Duration: 24 months
The availability of affordable Ultra-Wideband (UWB) technology and emerging commercial low-power UWB radio modules has triggered a renewed interest in UWB technology for a rapidly growing number of applications. Novel UWB radios have even the capability of performing angle of arrival and angle of departure calculations combined with accurate precision of the distance. This can open a wide range of applications in space where GNSS cannot be used. UWB is working in a similar way to GNSS exploiting fixed positions (anchors) to create an infrastructure. On the other hand, with the advance of technology, those anchors can be mobile, inexpensive, and deployed in a plug-and-play manner if they are carefully designed. Moreover in space applications where there is an existing infrastructure is important to guarantee the capability to set up it in a plug-and-play manner. To achieve this goal there are still some challenges to be addressed: 1) The UWB tags that will be acting as points are energy efficient and better self-sustaining, moreover, they offer a self-calibration capability. 2) The mobile robots-vehicles adopt adaptive and embedded algorithms to allow self-calibration and accurate positioning in these unknown areas. 3) the UWB tag and the robots can be found by each other by exploiting event-based mechanisms such as waking up the radio to improve the efficiency and effectiveness of the localization system.

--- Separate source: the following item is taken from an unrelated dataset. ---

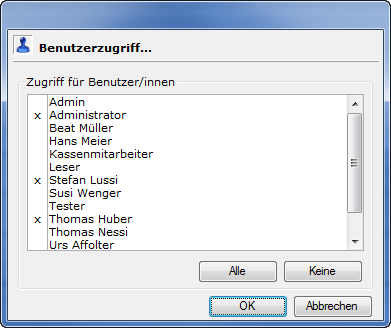 Mit CTRL+Klick auf den Button Dokumente können die individuellen Benutzerzugriffe eingestellt werden:

This project aims to overcome these challenges to achieve a new generation of energy-efficient and mobile embedded systems for accurate GPS-free localization and position exploited by robots and vehicles. The project will investigate the possibility to achieve self-calibrate and self-sustaining UWB anchors by exploiting energy-efficient algorithms on low-power CPU, UWB wake-up radio, low-power techniques, and energy harvesting to enable tags to form the infrastructure of the positioning system so they can be deployed during the missions.